DATA BELOW →
------------------------------------------------------------

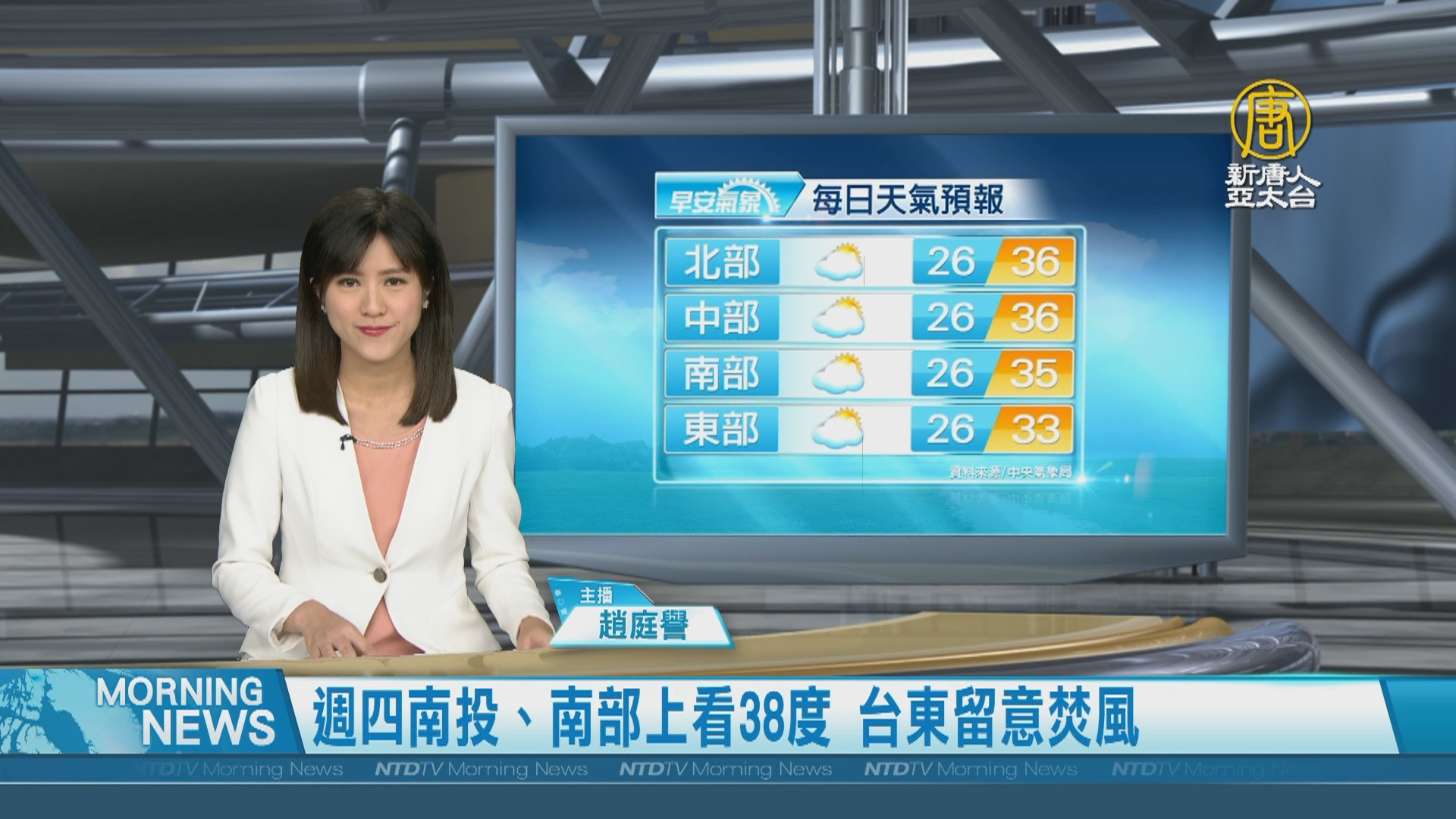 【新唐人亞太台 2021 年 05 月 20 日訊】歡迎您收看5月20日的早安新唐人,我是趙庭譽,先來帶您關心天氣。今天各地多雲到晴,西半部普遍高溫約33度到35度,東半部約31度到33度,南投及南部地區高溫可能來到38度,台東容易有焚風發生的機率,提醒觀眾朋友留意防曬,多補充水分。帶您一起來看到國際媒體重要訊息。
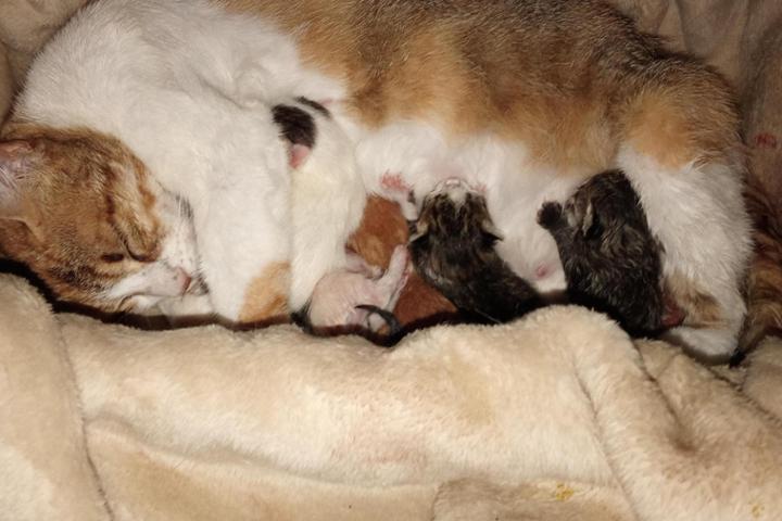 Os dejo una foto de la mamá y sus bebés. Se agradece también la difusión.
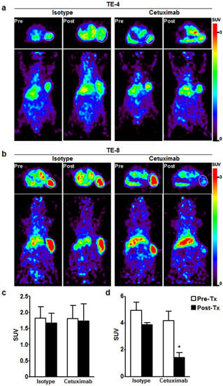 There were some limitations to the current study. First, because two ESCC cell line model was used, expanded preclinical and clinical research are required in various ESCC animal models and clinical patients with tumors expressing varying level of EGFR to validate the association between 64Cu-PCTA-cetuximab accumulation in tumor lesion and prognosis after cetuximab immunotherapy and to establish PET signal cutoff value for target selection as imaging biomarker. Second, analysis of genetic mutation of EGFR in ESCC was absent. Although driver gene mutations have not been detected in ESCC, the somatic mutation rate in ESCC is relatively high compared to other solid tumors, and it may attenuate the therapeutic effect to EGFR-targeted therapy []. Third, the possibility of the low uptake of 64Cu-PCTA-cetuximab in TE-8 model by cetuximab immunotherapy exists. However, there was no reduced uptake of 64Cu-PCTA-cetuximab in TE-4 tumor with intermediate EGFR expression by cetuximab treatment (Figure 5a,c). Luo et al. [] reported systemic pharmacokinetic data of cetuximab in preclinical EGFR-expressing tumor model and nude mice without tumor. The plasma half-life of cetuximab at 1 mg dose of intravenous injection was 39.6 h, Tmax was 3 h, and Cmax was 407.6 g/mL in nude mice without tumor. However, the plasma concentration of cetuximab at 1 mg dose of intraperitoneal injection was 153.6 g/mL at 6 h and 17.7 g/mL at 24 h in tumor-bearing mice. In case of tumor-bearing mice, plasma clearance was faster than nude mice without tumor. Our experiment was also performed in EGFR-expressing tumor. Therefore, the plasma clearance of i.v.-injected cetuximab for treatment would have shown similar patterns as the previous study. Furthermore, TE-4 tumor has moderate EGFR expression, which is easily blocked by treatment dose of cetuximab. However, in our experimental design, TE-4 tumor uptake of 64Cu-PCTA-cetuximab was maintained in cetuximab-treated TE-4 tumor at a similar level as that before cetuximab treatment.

------------------------------------------------------------

ACTION ITEM →
Only the lines from the top of the data through the line with "Os dejo una" should be quoted, exactly and with both ends kept; skip the pictures.

FINISHED EXERCISE →
 【新唐人亞太台 2021 年 05 月 20 日訊】歡迎您收看5月20日的早安新唐人,我是趙庭譽,先來帶您關心天氣。今天各地多雲到晴,西半部普遍高溫約33度到35度,東半部約31度到33度,南投及南部地區高溫可能來到38度,台東容易有焚風發生的機率,提醒觀眾朋友留意防曬,多補充水分。帶您一起來看到國際媒體重要訊息。
 Os dejo una foto de la mamá y sus bebés. Se agradece también la difusión.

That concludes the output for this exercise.